## Work instruction:
Transcribe nothing except the lines below that run from the one with "تصميم الملصق بشكل" to the one with "Versatilidad y Elegancia: Su", ends included, and do not copy any picture.

## Records supplied:

________________________________________

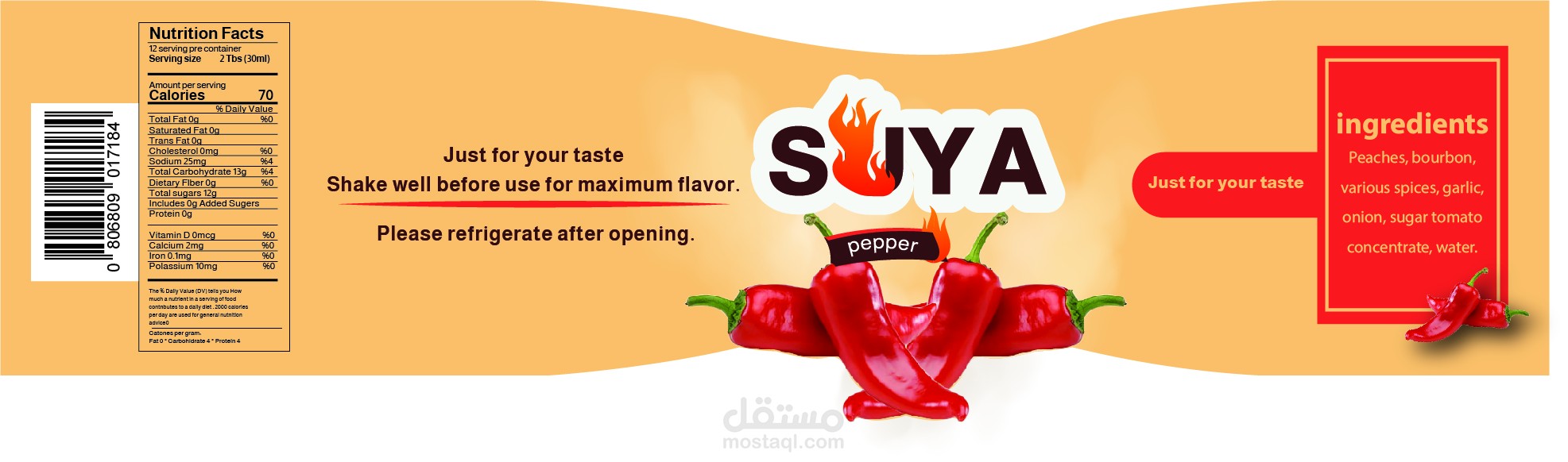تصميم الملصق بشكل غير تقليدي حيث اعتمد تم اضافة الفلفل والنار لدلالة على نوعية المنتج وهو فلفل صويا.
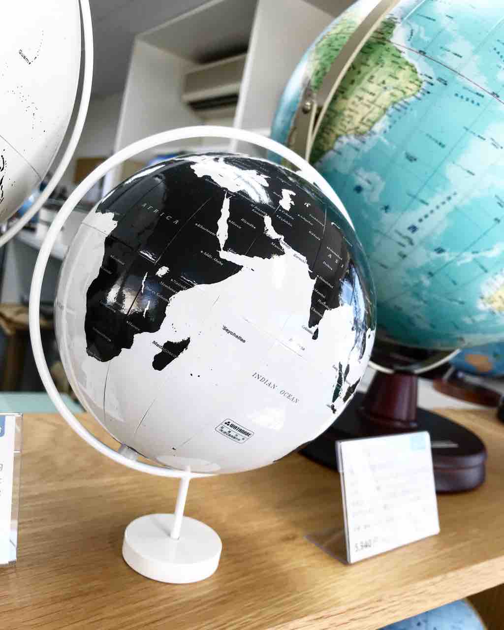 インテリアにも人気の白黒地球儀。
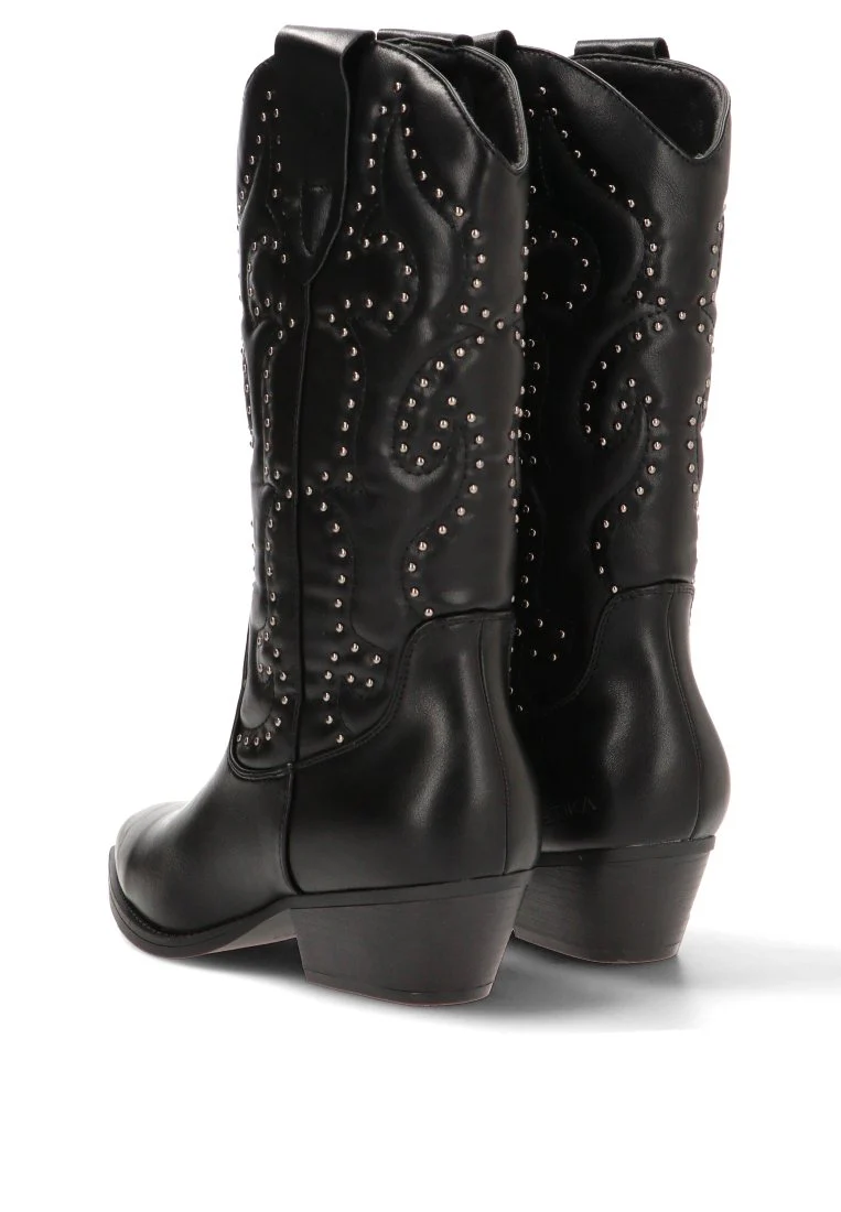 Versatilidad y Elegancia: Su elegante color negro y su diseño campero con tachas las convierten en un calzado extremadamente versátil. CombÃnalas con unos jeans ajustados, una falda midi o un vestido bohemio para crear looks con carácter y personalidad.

________________________________________

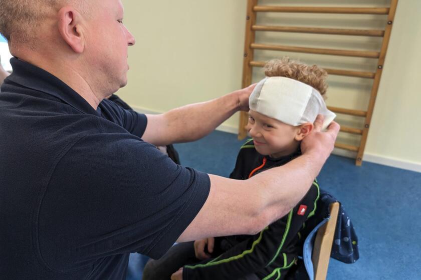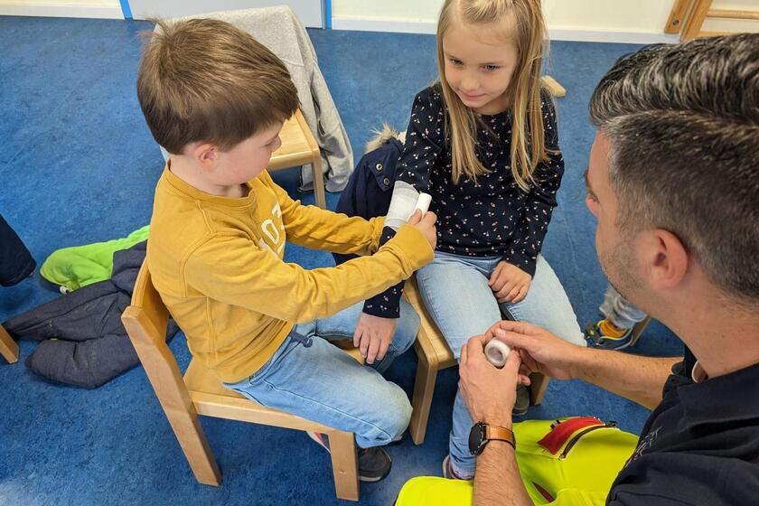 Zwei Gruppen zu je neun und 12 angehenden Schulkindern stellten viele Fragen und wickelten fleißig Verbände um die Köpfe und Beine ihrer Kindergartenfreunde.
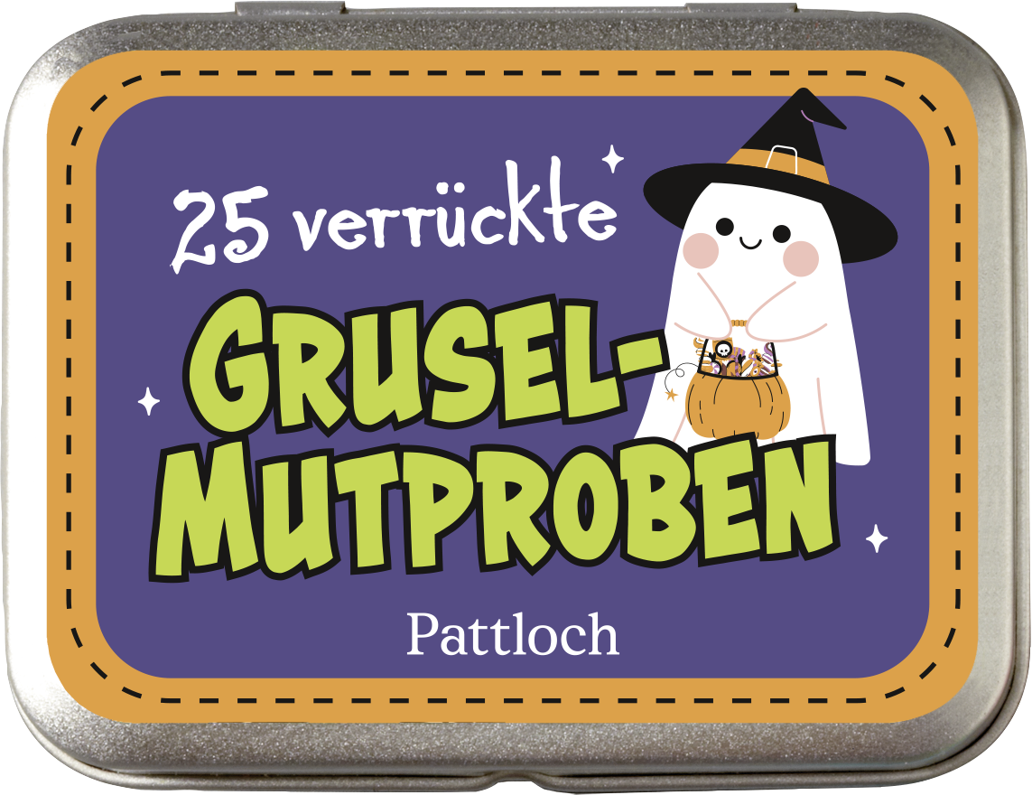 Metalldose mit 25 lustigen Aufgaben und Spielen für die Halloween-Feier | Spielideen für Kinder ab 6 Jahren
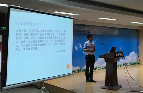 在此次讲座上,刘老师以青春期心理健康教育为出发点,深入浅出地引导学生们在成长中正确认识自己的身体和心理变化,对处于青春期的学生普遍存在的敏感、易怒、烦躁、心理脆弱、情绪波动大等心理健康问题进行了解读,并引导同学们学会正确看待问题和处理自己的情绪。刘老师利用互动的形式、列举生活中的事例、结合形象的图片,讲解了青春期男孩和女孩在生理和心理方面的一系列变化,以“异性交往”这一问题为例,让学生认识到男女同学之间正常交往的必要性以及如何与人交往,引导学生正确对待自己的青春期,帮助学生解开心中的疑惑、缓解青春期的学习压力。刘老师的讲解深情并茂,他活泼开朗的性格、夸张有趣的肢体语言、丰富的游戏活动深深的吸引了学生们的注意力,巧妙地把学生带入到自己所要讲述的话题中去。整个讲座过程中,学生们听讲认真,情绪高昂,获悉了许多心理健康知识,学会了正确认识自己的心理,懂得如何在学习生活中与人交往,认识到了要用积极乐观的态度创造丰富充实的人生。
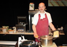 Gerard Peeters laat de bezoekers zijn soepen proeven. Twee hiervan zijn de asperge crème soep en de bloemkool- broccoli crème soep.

________________________________________

## Written response:
تصميم الملصق بشكل غير تقليدي حيث اعتمد تم اضافة الفلفل والنار لدلالة على نوعية المنتج وهو فلفل صويا.
 インテリアにも人気の白黒地球儀。
 Versatilidad y Elegancia: Su elegante color negro y su diseño campero con tachas las convierten en un calzado extremadamente versátil. CombÃnalas con unos jeans ajustados, una falda midi o un vestido bohemio para crear looks con carácter y personalidad.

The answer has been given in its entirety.